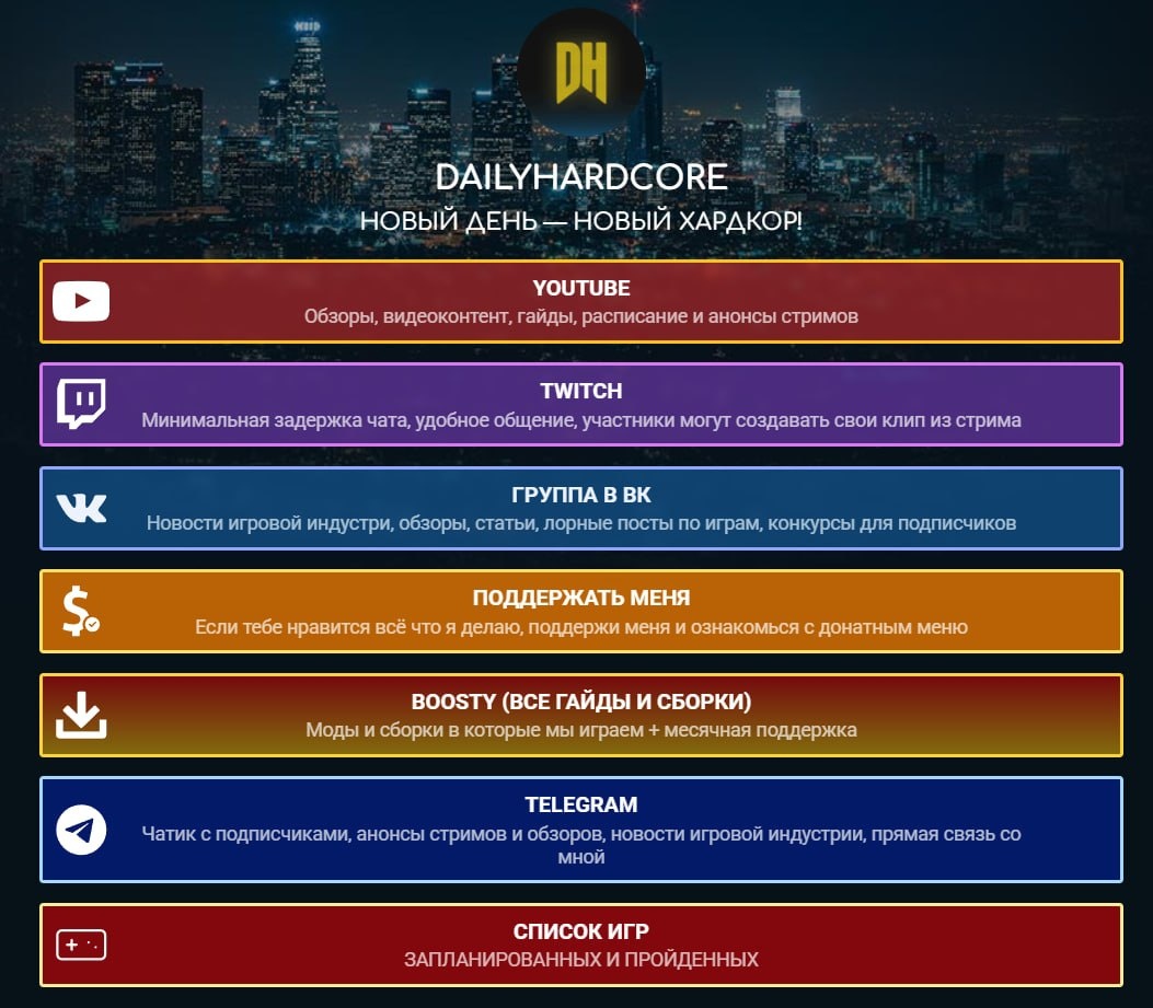 Теперь вы не заблудитесь, а те кто еще не посмотрел всё что у нас есть кроме стримов и группы, может зайти по этой ссылке и ознакомиться со всем контентом! Пользуемся на здоровье! Так же спасибо Константину за финансовую поддержку, пока делал пост и переделывал для вас ссылки чтобы всё было удобнее, Константин прислал нам донат.) Костя спасибо! Dailyhardcore Подписаться
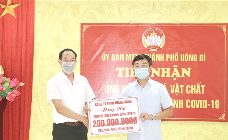 Theo đó, Công ty TNHH Thành Minh và Công ty TNHH Thanh Thảo Quảng Ninh mỗi doanh nghiệp ủng hộ 200 triệu đồng. Số kinh phí này được sử dụng để mua test thử cùng các vật tư y tế phục vụ công tác phòng, chống dịch Covid - 19 trên địa bàn. Đây là sự đóng góp có ý nghĩa thiết thực thể hiện sự quan tâm, đồng hành của các đơn vị, doanh nghiệp, góp phần chung tay cùng thành phố đẩy lùi dịch bệnh Covid-19.
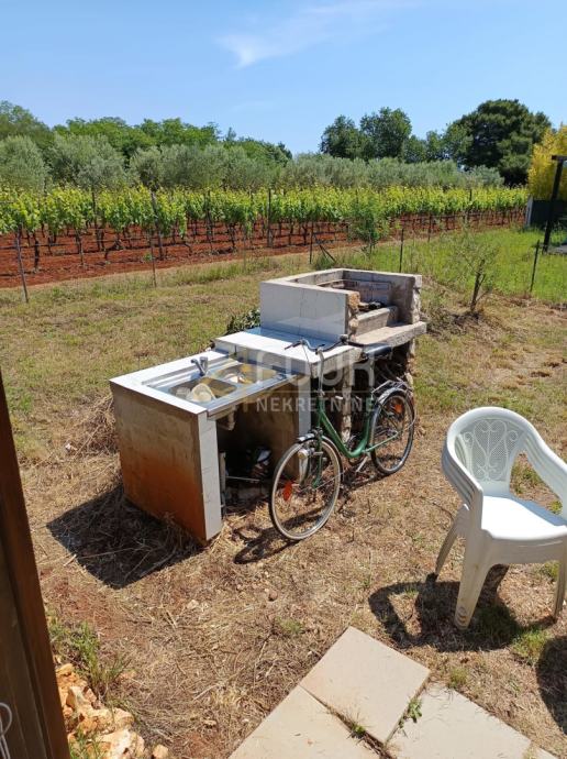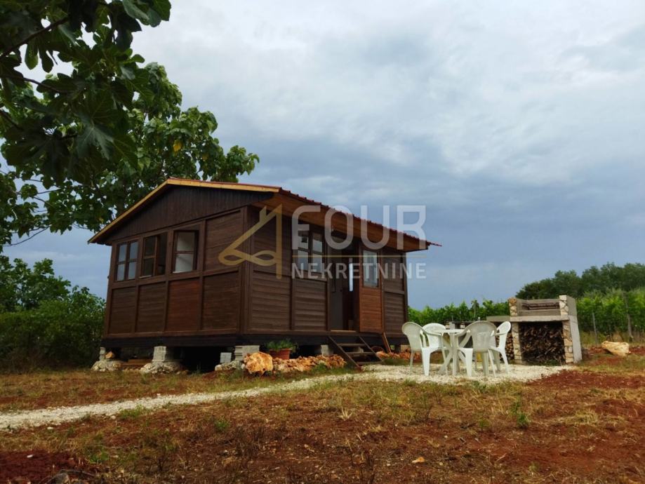 Na terenu se nalazi simpatična montažna drvena kućica od 32 m2.

******************************

What is being asked -
Images are not wanted in the copy. Please print the material above exactly.

Result -
 Теперь вы не заблудитесь, а те кто еще не посмотрел всё что у нас есть кроме стримов и группы, может зайти по этой ссылке и ознакомиться со всем контентом! Пользуемся на здоровье! Так же спасибо Константину за финансовую поддержку, пока делал пост и переделывал для вас ссылки чтобы всё было удобнее, Константин прислал нам донат.) Костя спасибо! Dailyhardcore Подписаться
 Theo đó, Công ty TNHH Thành Minh và Công ty TNHH Thanh Thảo Quảng Ninh mỗi doanh nghiệp ủng hộ 200 triệu đồng. Số kinh phí này được sử dụng để mua test thử cùng các vật tư y tế phục vụ công tác phòng, chống dịch Covid - 19 trên địa bàn. Đây là sự đóng góp có ý nghĩa thiết thực thể hiện sự quan tâm, đồng hành của các đơn vị, doanh nghiệp, góp phần chung tay cùng thành phố đẩy lùi dịch bệnh Covid-19.
 Na terenu se nalazi simpatična montažna drvena kućica od 32 m2.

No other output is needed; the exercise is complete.